I’ve been reading about the central banking vs. central planning debate on the blogosphere; the more I think about it the more interesting it becomes. Whether central banking is a form of central planning depends on what exactly the central bank does.  There are two broad scenarios.  In the first, the central bank is following some sort of rule or trying to hit a target.  This can be a Taylor rule, inflation target, NGDP level target, or anything else.  In this case the central bank is trying to provide a stable economic setting so that individuals can effectively engage in the market process.  If this is what the central bank is doing, I don’t think it makes sense to call it central planning. All the central bank is trying to do is lay down the “ground rules” for economic behavior. If this is central planning, you could just as easily say any institution such as property rights or the rule of law is central planning too.

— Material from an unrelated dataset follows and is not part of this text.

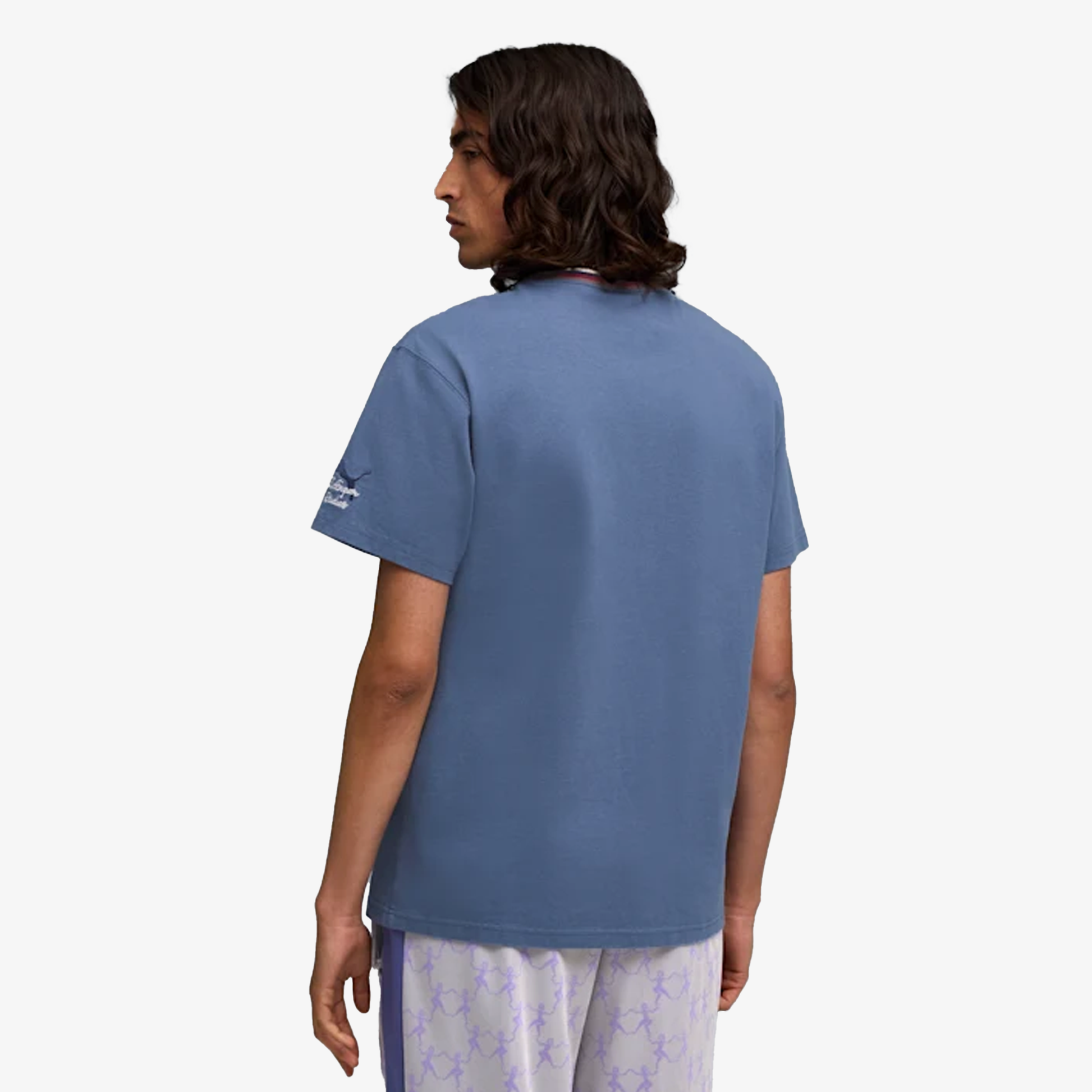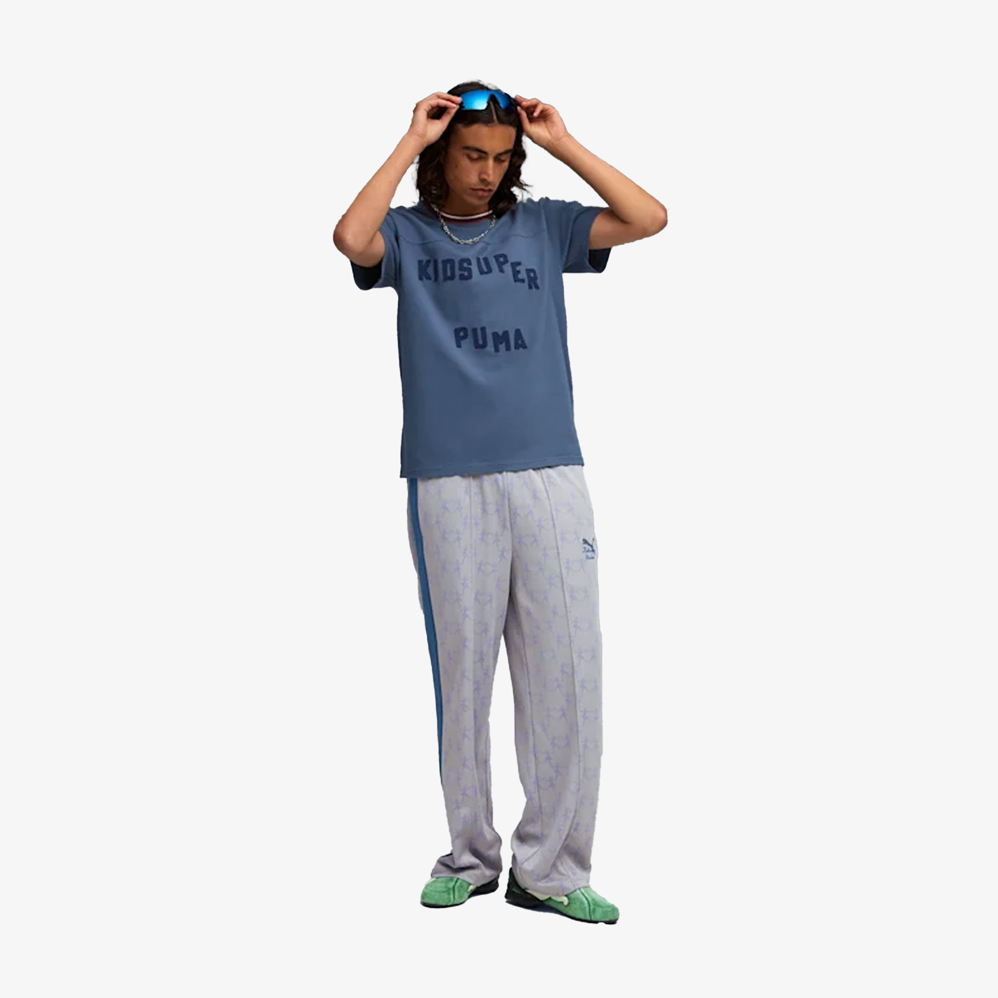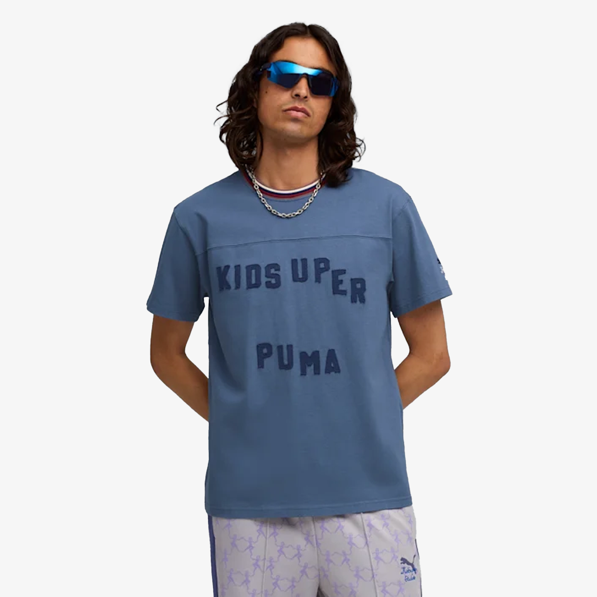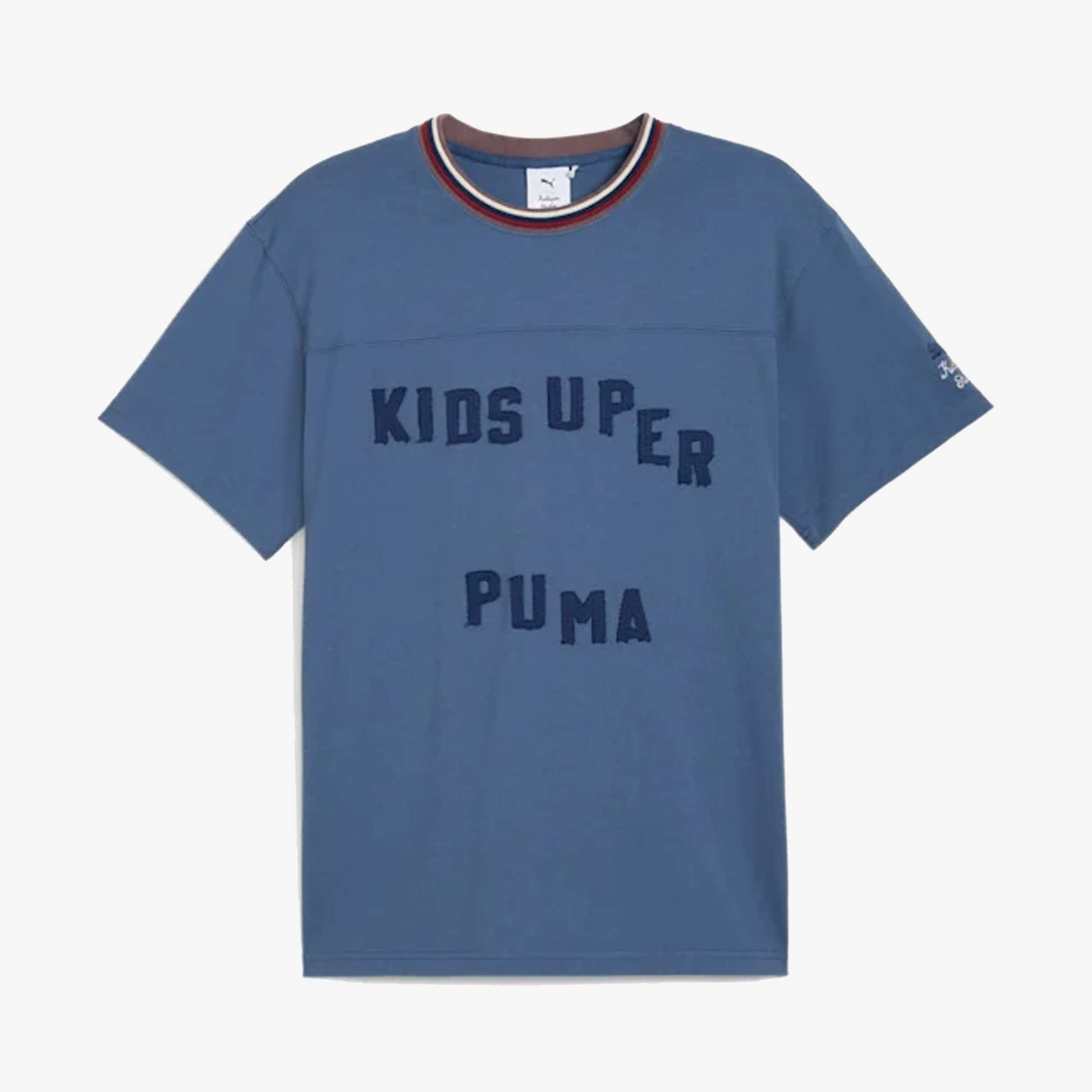 This season's PUMA x KIDSUPER collab can be found at the intersection of art and sport. This collection is an eclectic blend of retro-sporting silhouettes and modern art graphics. Look out for vintage goalie jerseys, a puffer jacket with fine stitching, and jerseys adorned with water-colour prints.

This obviously isn’t a useful definition of central planning!

However, a central bank may be engaging in a type of central planning if it tries to bring about a specific allocation of resources.  For example, if the central bank thinks equities prices should be higher for some reason, and they start purchasing equities, you could make an argument that this is a type of central planning.  If the central bank explicitly tries to monetize the debt and acts as an enabler for the nation’s treasury department, you could also say this is a form of central planning.  It’s still not 100% clear, since presumably the central bank is not using coercion or the threat of coercion to get market participants to behave in the way it wants; there’s voluntary assent on the other side of the agreement, even if that voluntary assent is a response to warped incentives.

In closing: if a central bank is trying to create a specific framework in which agents can operate, it’s not central planning, it’s rule setting.  If on the other hand the central bank is trying to allocate specific resources, it may be a form of central planning.  In either scenario, the usual knowledge and incentive problems still apply.